Алкид не ответил, но его ответа и не требовалось.
– Как тебе не стыдно, Прокл?! – откликнулся огромный солдат со шрамом на во всех отношениях выдающемся носу (Алкид машинально отметил, что солдат с возрастом изрядно подзаплыл жирком). – Ведь наш герой доблестно убил страшного злодея Лина, брата чудовищного Орфея, который коварно заставлял героя разучивать варварские богохульные песни!
Здоровяк загнул один палец, а Алкид дернулся, как от пощечины, но сдержался.
– Затем гордость Эллады обрюхатил за одну ночь сотню дочерей басилея Теспия, а заодно и самого Теспия! Ну не подвиг ли это?!

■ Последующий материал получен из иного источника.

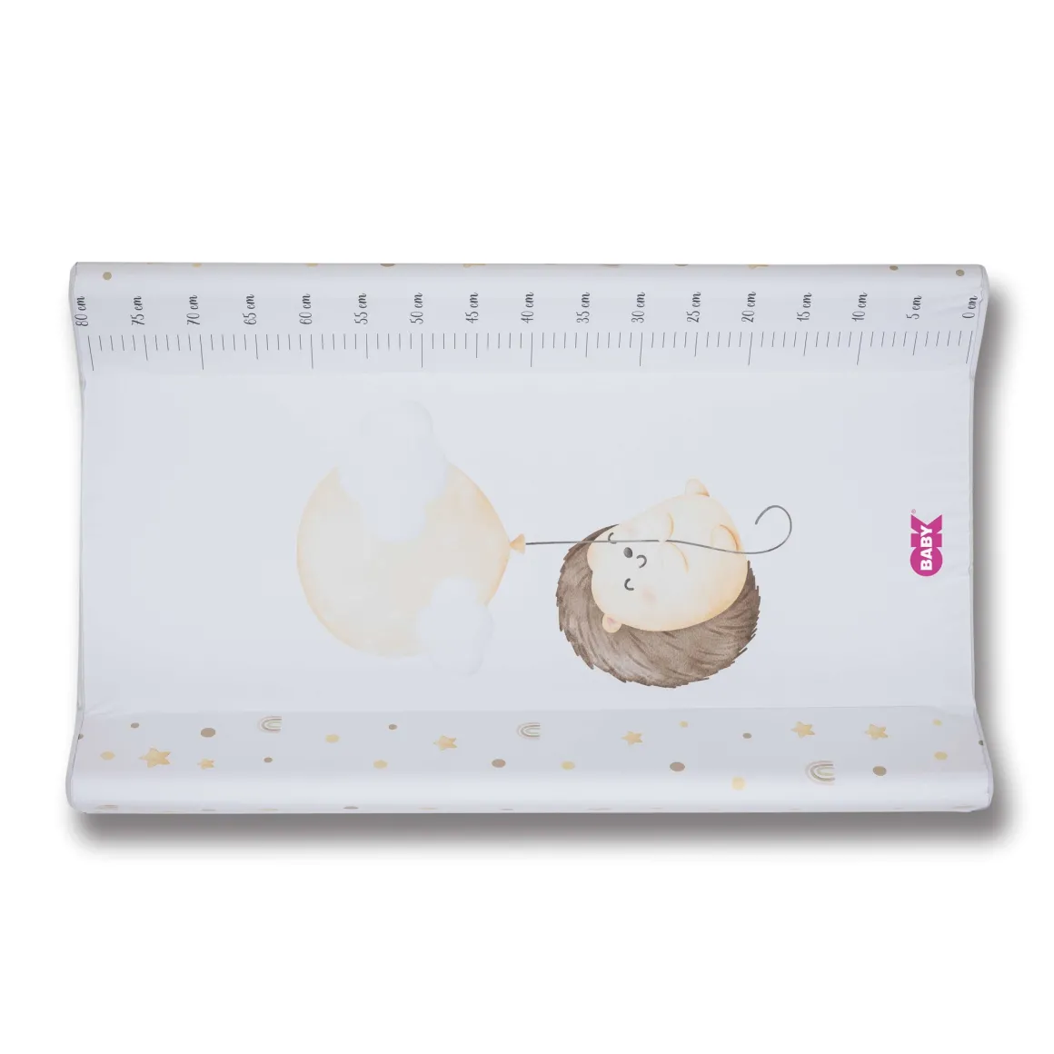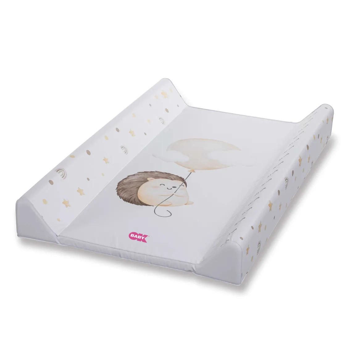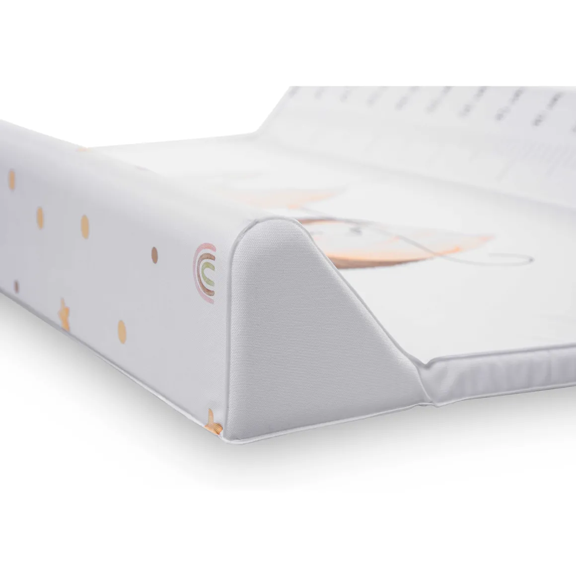 Soffice materassino dotato di due sponde laterali,facile da pulire e molto morbido, con un metro disegnato per seguire la crescita del bambino. In pvc atossico.

Шрам на носу у солдата побагровел от удовольствия, и второй палец был демонстративно загнут.
– И наконец, – остроумный здоровяк указал на лежавшую неподалеку львиную шкуру, – наш герой после долгой битвы уничтожил полевую мышь, которую в этих краях звали Киферонской Людоедкой! Не доказательство ли это того, что отец нашего героя – сам Дий-Громовержец, а вовсе не какой-то там Амфитрион, упомянутый великим Алкидом единственно из скромности!»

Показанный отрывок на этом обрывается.